Шивон Джонсон рассматривает депрессию не как результат чрезмерной иммунной реакции или самостоятельный дух, а как совокупность слабых механизмов адаптации. «Мы пытаемся исцелить себя и в итоге разрушаем любую систему поддержки, отталкиваем людей или наказываем себя (что опять же подпитывает наши теневые аспекты), а поскольку депрессия сопровождается сильной ненавистью к себе, мы вытесняем в тень все то, что нам не нравится, и даже кое-что из того, что мы любим», – говорит Джонсон.
«Так поступают все, но в депрессии люди делают это в десять раз чаще. Депрессия действительно вызывает ощущение, будто ты лишь половина человека: эта подсознательная тень всегда сильнее, и поскольку мы подпитываем ее таким количеством ненависти, думаю, что она действительно кажется внешней и самостоятельной сущностью, но не верю, что это действительно так. Полагаю, что наше „Я“ – нечто гораздо более странное, чем нам кажется.

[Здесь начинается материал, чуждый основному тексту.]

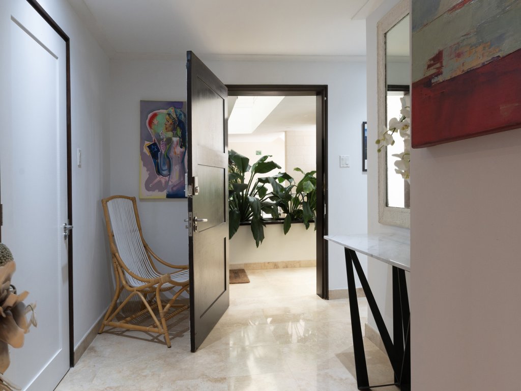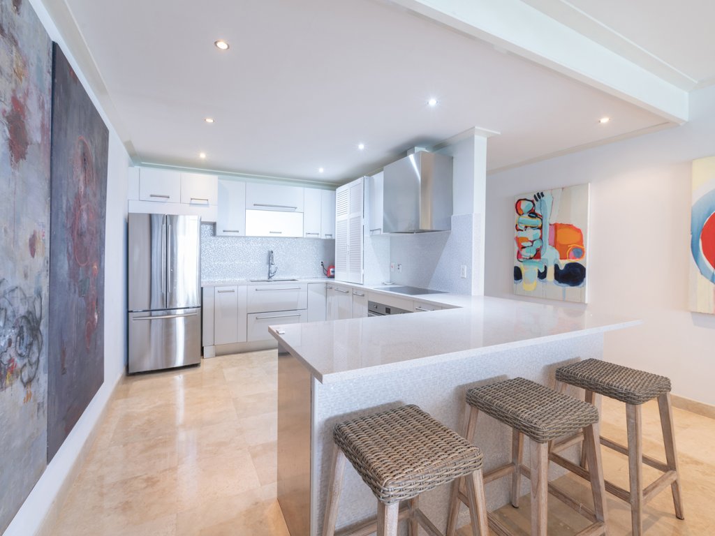 Coral Cove 10 is a stunning, fully air-conditioned 3-bedroom, 3.5-bathroom apartment located on the pristine Paynes Bay Beach along Barbados’ famed West Coast. Situated on the fourth floor at the southern end of the building, this exquisite beachfront residence offers breathtaking, unobstructed views of the turquoise Caribbean Sea. Step inside to discover a beautifully appointed living space, designed with modern elegance and comfort in mind. The open-plan kitchen and living area flow seamlessly onto a spacious covered patio, creating the perfect setting for relaxing or entertaining while enjoying the spectacular ocean views. The sleek, fully equipped kitchen and the light-filled living area offers a chic yet relaxed ambiance. Each of the three generously sized bedrooms boasts its own en suite bathroom, walk-in closets, and individual split A/C units for ultimate comfort. The primary suite is a true retreat, featuring a deluxe king-size bed, private access to the verandah, and a luxurious en suite bathroom with dual sinks, and walk-in showers, all finished in elegant granite. Additional amenities include a powder room, laundry room, ample storage space, and a roadside balcony. The property also provides designated parking and 24/7 manned security for peace of mind. Coral Cove is ideally located in the heart of the island's West Coast, offering easy access to a range of popular beach bars, fine dining restaurants, and boutique shopping—whether by foot, road, or beach. The prestigious Sandy Lane Hotel and Golf Club are also just a short drive away. With its prime location, luxurious design, and exceptional amenities, Coral Cove 10 represents the very best in beachfront living on the island. Whether for a full-time residence or an idyllic getaway, this property is a rare gem in one of Barbados' most sought-after neighborhoods.

По сути, я убежден, что у нас есть три основные формы: высшее „Я“ или ангел-хранитель, который парит в божественном мире и дает советы – то, что мы можем назвать душой; вторая часть – разум, обитающий в подземном мире, который содержит высшие помыслы, нарративное мышление, нашу собственную историю и опыт, „обезьяний мозг“, если хотите; и, наконец, тело, которое является нашей физической оболочкой, но также включает в себя рептильный мозг – инстинктивную и животную часть нашего существа, которая содержит всю историю наших семей, наций и видов».
«Дух и материя находятся в сложных взаимоотношениях, и идея о том, что мы можем воспринимать часть себя как нечто иное – не что-то совершенно новое и революционное. Безусловно, есть части человека, которые можно назвать отдельными сущностями – или, по крайней мере, они были таковыми в какой-то момент: митохондрии. Правда ли, что различные аспекты души, духа или самоопределения в различных космологиях – это способы, с помощью которых сознание организует свои внутренние отношения, или же мы являемся духовной смесью самостоятельных сущностей, подобно тому как митохондрии когда-то существовали совершенно отдельно от наших далеких предков?»

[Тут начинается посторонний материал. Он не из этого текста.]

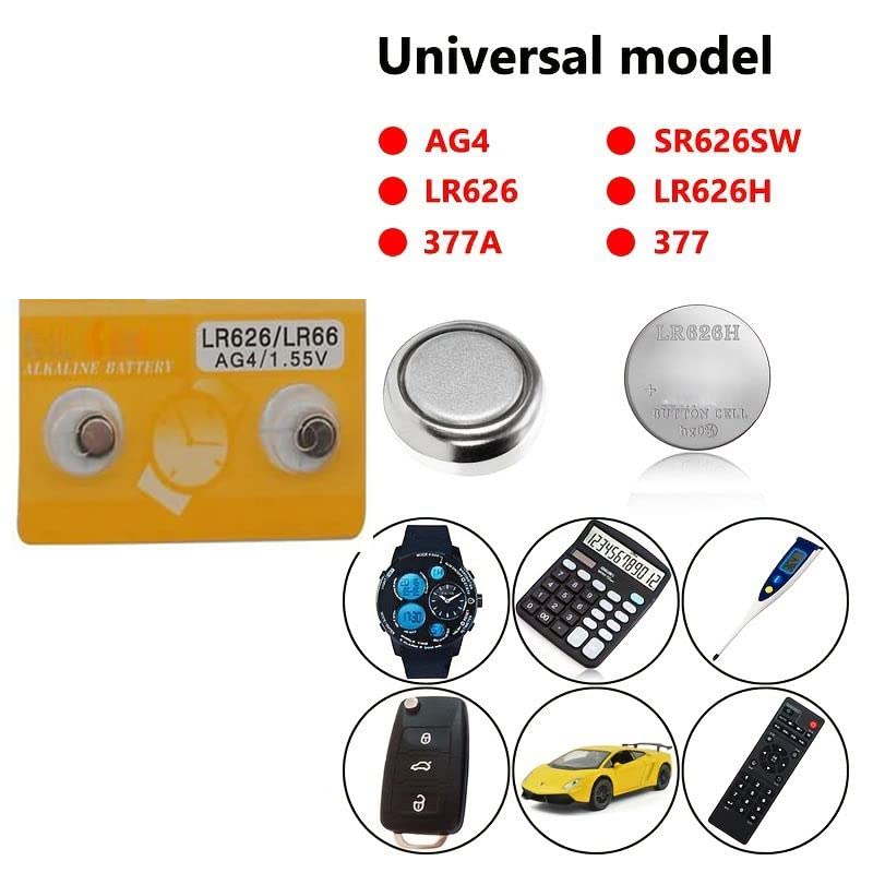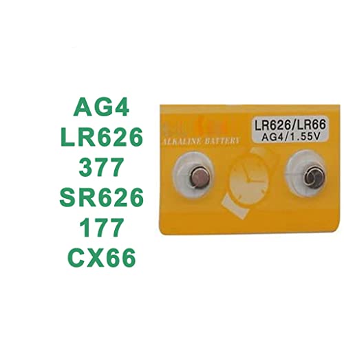 Generic - بطارية خلية قلوية AG4 15 فولت للاستخدام مرة واحدة LR626 LR66 SR626 V377 GP377 606 للساعة والالعاب والكاميرات والريموت (2 قطعة)، قلوي.

Депрессия одновременно может быть биологической реакцией и духовной сущностью – не вижу здесь противоречия. Во многих магических и теологических системах – включая ту, которую описывает Джонсон, – считается, что душа состоит из нескольких частей, которые не всегда пребывают в гармонии. Если мы рассматриваем человека как «духовную амальгаму», то для меня это означает, что различные аспекты нашей личности состоят в отношениях друг с другом. В частности, именно сознательный ум, та часть, которую мы прежде всего склонны считать своим «Я», должен выстроить здоровые отношения с другими уровнями нашей личности. Иммунная реакция, которая причиняет больше вреда, чем предотвращает, определенно говорит о нарушенной гармонии с остальными аспектами «Я». Между двумя определениями депрессии нет существенной разницы.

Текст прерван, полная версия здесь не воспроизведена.